May 29–Jul 29, 2018

Sleeping Beauty

Reinventing Frei Otto's Multihalle
Address
Gondolieri Bauer Servizi, Giudecca 211, 30133 Venedig Map

saai | Archive for Architecture and Engineering and Karlsruhe Institute of Technology (KIT) presents an exhibition on the Multihalle Mannheim on the occasion of the 16th International Architecture Exhibition of the Venice Biennale
“Sleeping Beauty” follows on from the successful exhibition “Frei Otto—Thinking by Modeling,” which was hosted by the ZKM in Karlsruhe from November 2016 to March 2017. The show in Venice focuses on the Multihalle and will be the first exhibition in the world dedicated to this fascinating building. Cooperation partner is the City of Mannheim.

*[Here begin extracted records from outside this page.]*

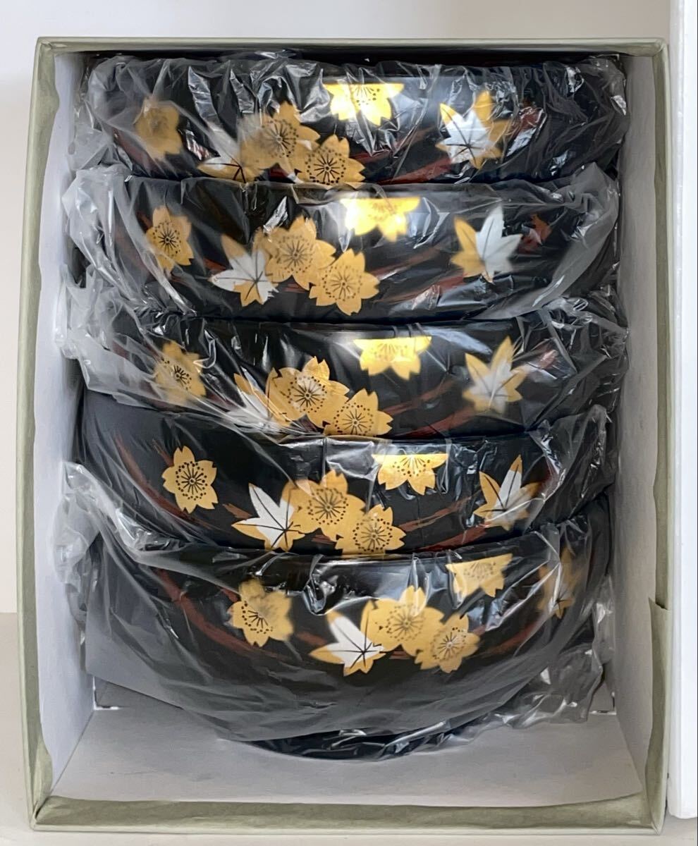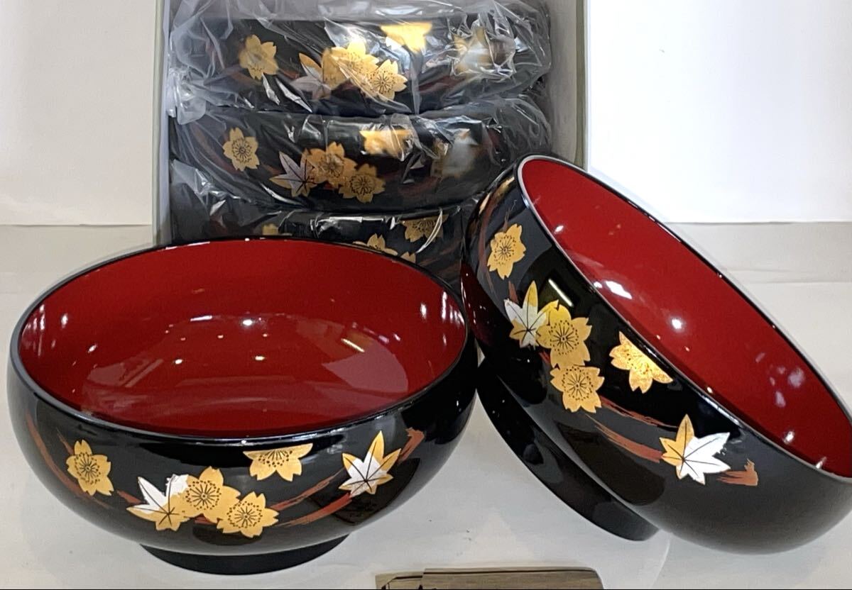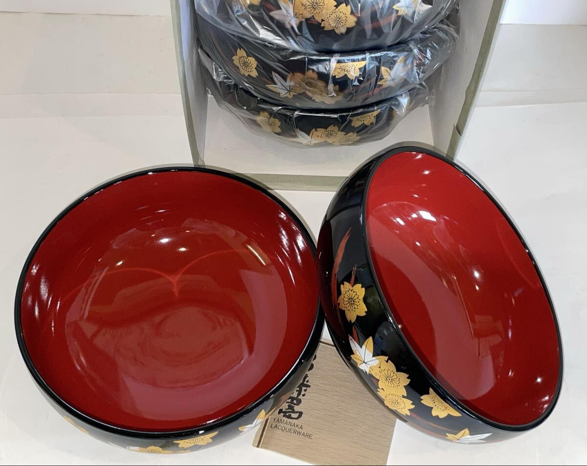 * 美しい漆塗りが特徴で、特に椀類は日常使いにも適した丈夫さと美しさを兼ね備えています。 * 画像のお椀は、黒地に金色の桜と紅葉のような模様が描かれており、内側は鮮やかな赤色で、伝統的ながらも華やかなデザインです。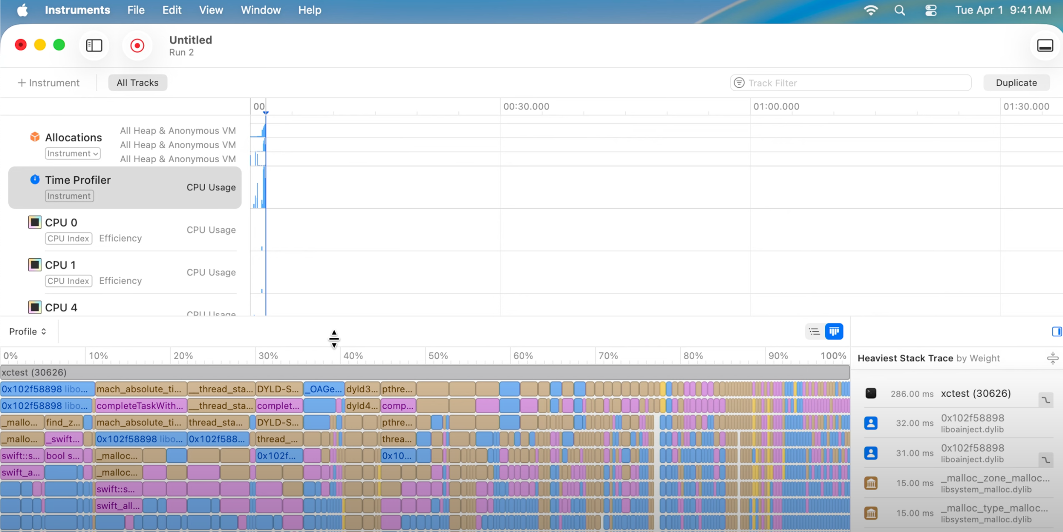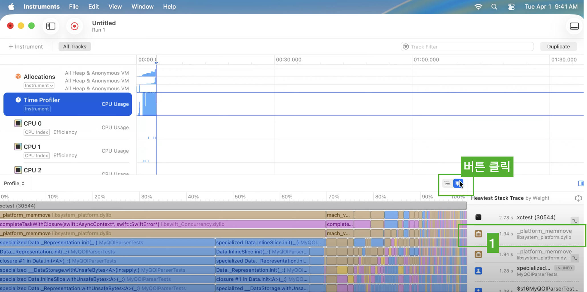이렇게 테스트를 작성하면 정확성을 확인하는 것은 물론 Instruments에서 테스트의 성능도 확인할 수 있음.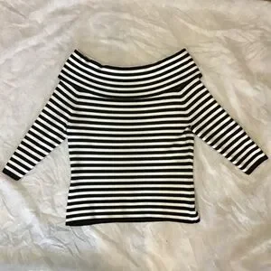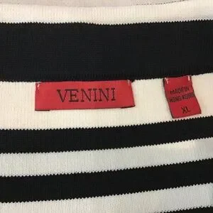 Classic and chic! This Venini rayon sweater features timeless black and white stripes with a swooped neckline for a flattering, feminine touch. Soft, lightweight, and perfect for dressing up or keeping it casual. ✨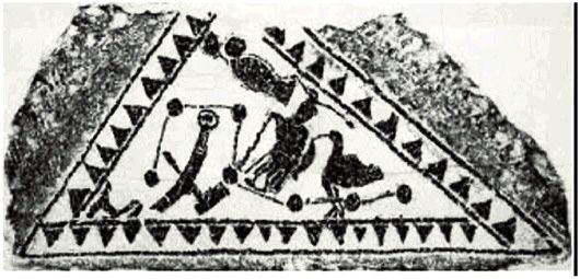 滕州出土的三角形北斗画像石。石上刻北斗,顶部出现一条大鱼。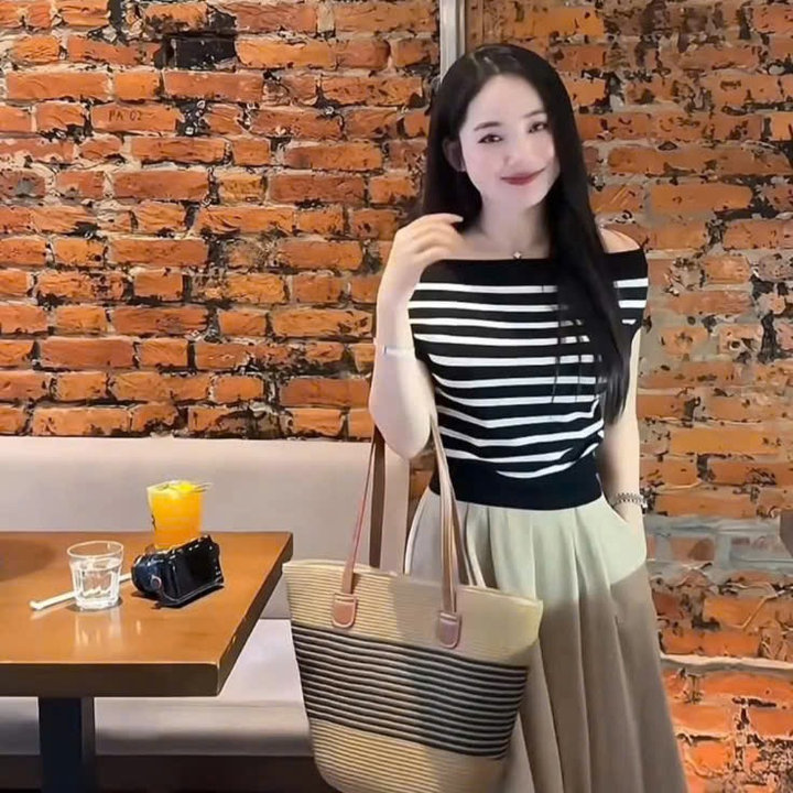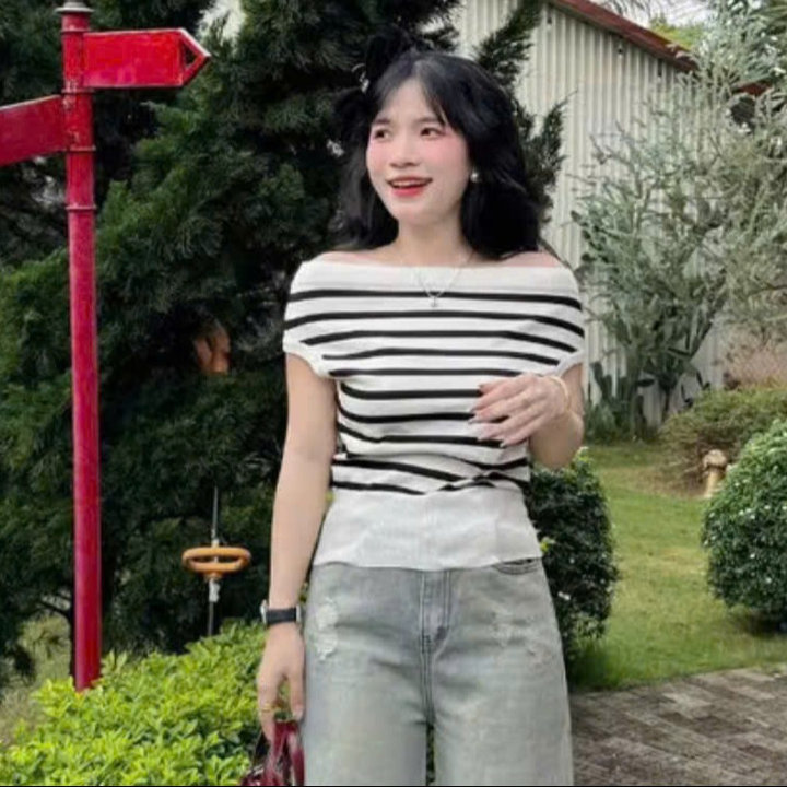 Áo Len Nữ, Áo Len Kẻ Trễ Vai Áo Len Nữ Dáng Ôm Siêu Xinhh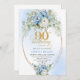 Elegant Boho Blue Floral 90th Birthday Invitation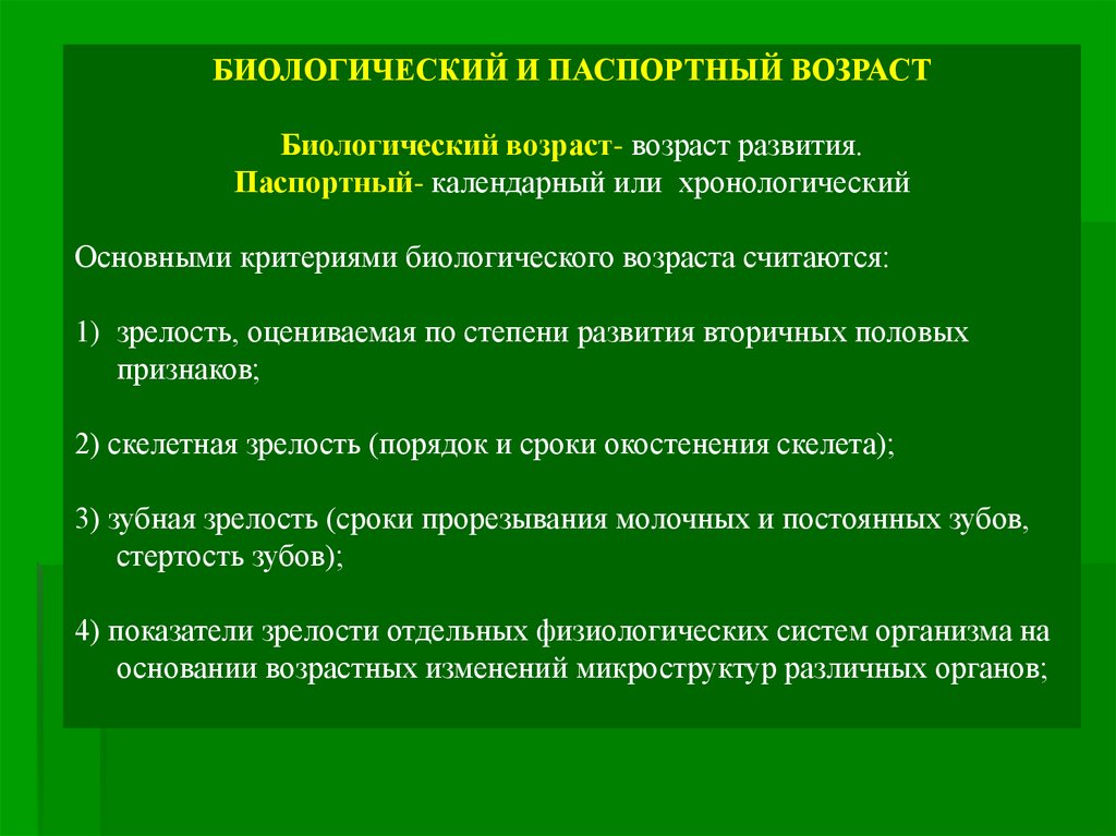 4) До некоторой степени в качестве критериев биологического возрастамогут использоваться возрастные изменения физиологических и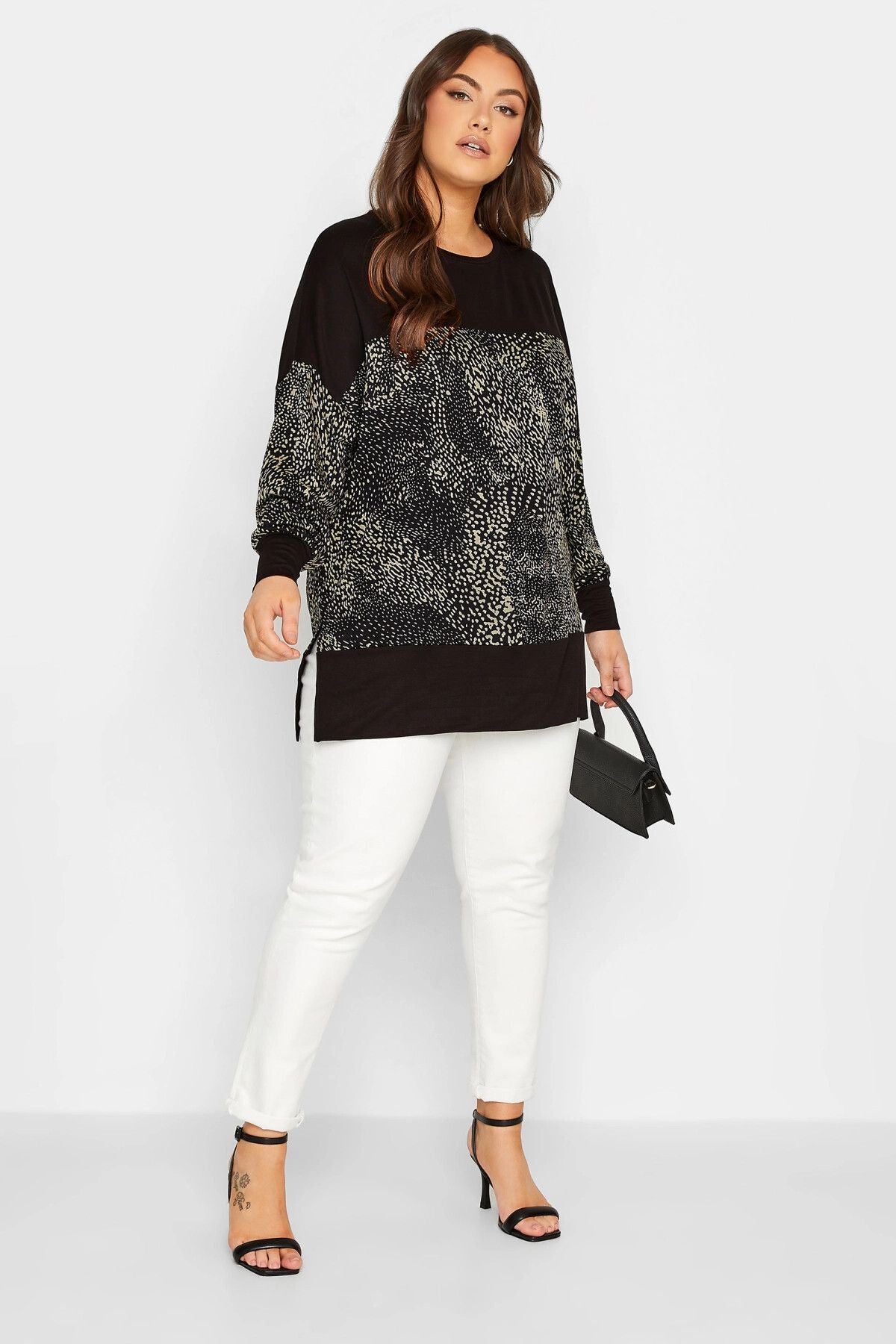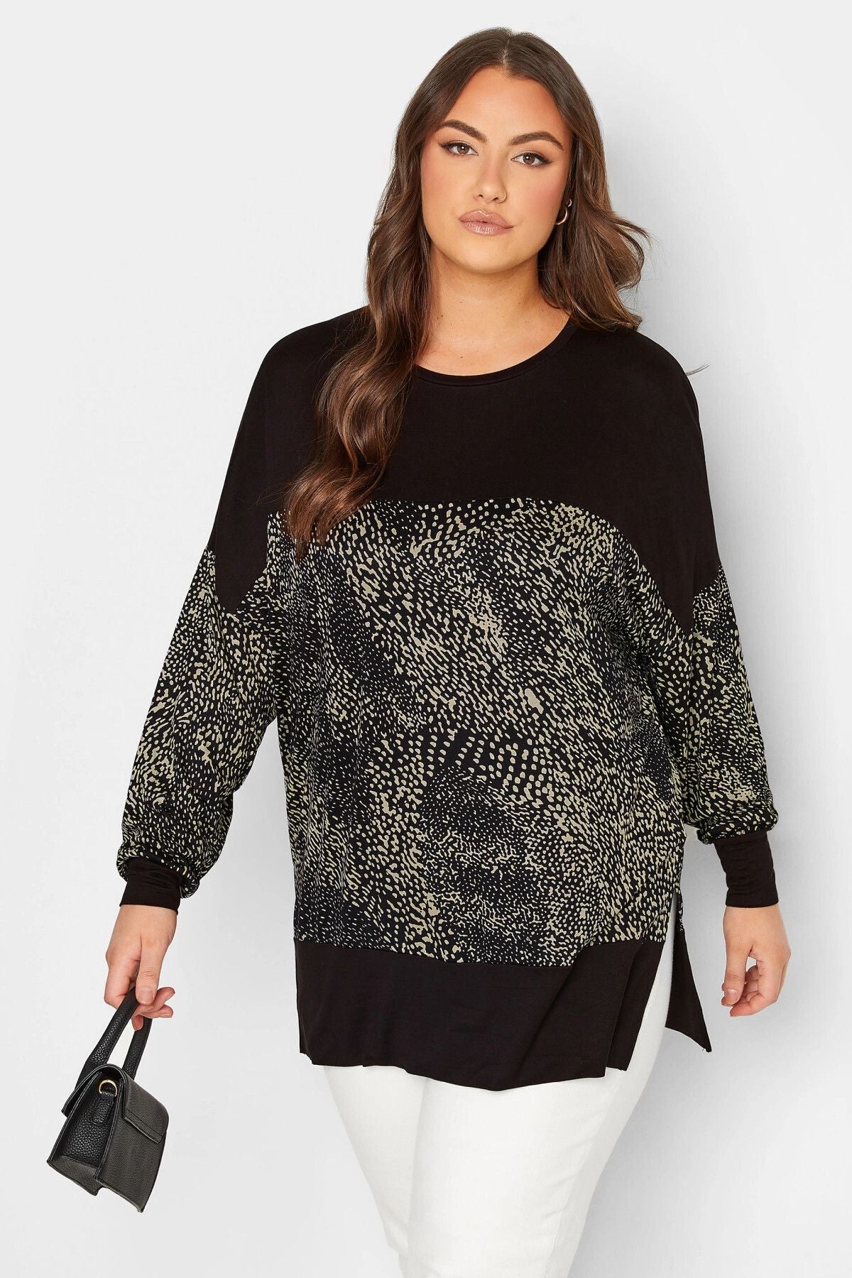 Büyük Beden Desenli Esnek Kumaş Uzun Bluz 301528

The project’s initiators and curators are the Berlin-based urbanist and curator Sally Below and Georg Vrachliotis, professor of architectural theory and director of saai, who also curated the previous Frei Otto exhibition. Both are long-standing advisors to the City of Mannheim on the development of the Multihalle preservation strategy. The exhibition architect is Marc Frohn, who is also a professor at KIT, and his architecture firm FAR frohn&rojas.

The exhibition gives visitors a double view of the Multihalle. Looking back at the past, it presents original archival material to relate the building’s experimental history. The exhibition also looks toward the future. Today, after several years of vacancy and 40 years after the construction of the Multihalle, which was originally planned as a temporary building, the City of Mannheim is working together with a dedicated group of artists, architects, local residents, concerned citizens, engineers, and universities on a new sustainable concept aimed at ensuring its long-term preservation. This open and collectively designed process is unique in Germany.

The title of the exhibition makes reference to this current process. Its aim is to embed the Multihalle into the city’s social landscape, reframe the discourse, which was previously more technical in nature, and develop a new interpretation of the building as a platform for an “open society,” as Frei Otto originally intended. The Multihalle has gone from being a built object to becoming a subject of discourse.

The exhibition in Venice introduces the Multihalle and its future prospects to an international scene—and tells more about it to those already familiar with the structure. A portside building on the island of Guidecca, an authentic Venetian location, will serve as the exhibition space.
The Multihalle in Mannheim:
The multipurpose hall, built by Frei Otto and Carlfried Mutschler for the 1975 Bundesgartenschau (federal garden exhibition) in Mannheim, Germany, is held to be the largest timber lattice shell structure in the world to date. With its experimental history, open spatial qualities and integration into the urban topography and its greenery, the Multihalle embodies an “open space” for an “open society.”

Frei Otto’s embrace of experimentation was not based on a systematic analysis of architecture in the narrow sense of the natural sciences, but on its artistic interpretation. He tirelessly experimented with models in order to investigate spatial qualities and mechanisms. Frei Otto thus laid the groundwork for an experimental culture that remains relevant today—one that straddles scientific observation and artistic skill, in a form balancing craftsmanship and intellect, where modeling can spark individual insights as well as collective discourse on the future of architecture. The Multihalle embodies this approach like no other building of the 20th century.